= Culture of Greenland =

The culture of Greenland has much in common with Greenlandic Inuit tradition, as the majority of people are descended from Inuit. Many people still go ice fishing and there are annual dog-sled races in which everyone with a team participates.

However, Greenland has now become somewhat of a tourist attraction. It holds contests to attract tourists such as dog racing, ice fishing, hiking, and cross country racing.

==Inuit==
Inuit account for 81% (2005) of the population of Greenland. Hunting is iconic to their culture and most Greenlanders still hunt at least part-time to supplement their diet and provide skins for clothing and kayaks.

== Thule region ==
The northwest corner of Greenland is known as the Thule region. It is roughly the size of Germany, but inhabited by less than 1,000 people. The northernmost year-round communities on earth (Siorapaluk, Moriusaq, Savissivik, Qeqertat, and Qaanaaq) are in the Thule region. Siorapaluk, with approximately 80 residents, is just 730 nautical miles (1,360 km) from the North Pole.

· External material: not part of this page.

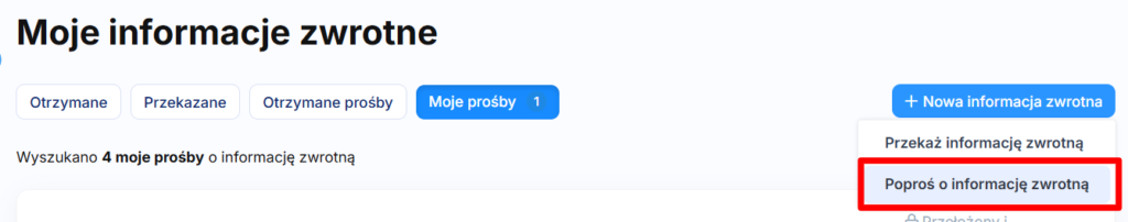 Moduł Informacje Zwrotne pozwala pracownikom prosić o opinie / informację zwrotną:

Currently, though most families in the Thule region need at least one member in salaried employment in order to pay for electricity and other modern amenities, hunting remains a revered profession. Traditional foods like seal, walrus, narwhal and caribou are consumed frequently. Hunters still wear hand-made polar bear skin garments, caribou anoraks and skin boots for warmth on winter hunting trips. Many of the men maintain world-class kayaking and harpoon-throwing skills.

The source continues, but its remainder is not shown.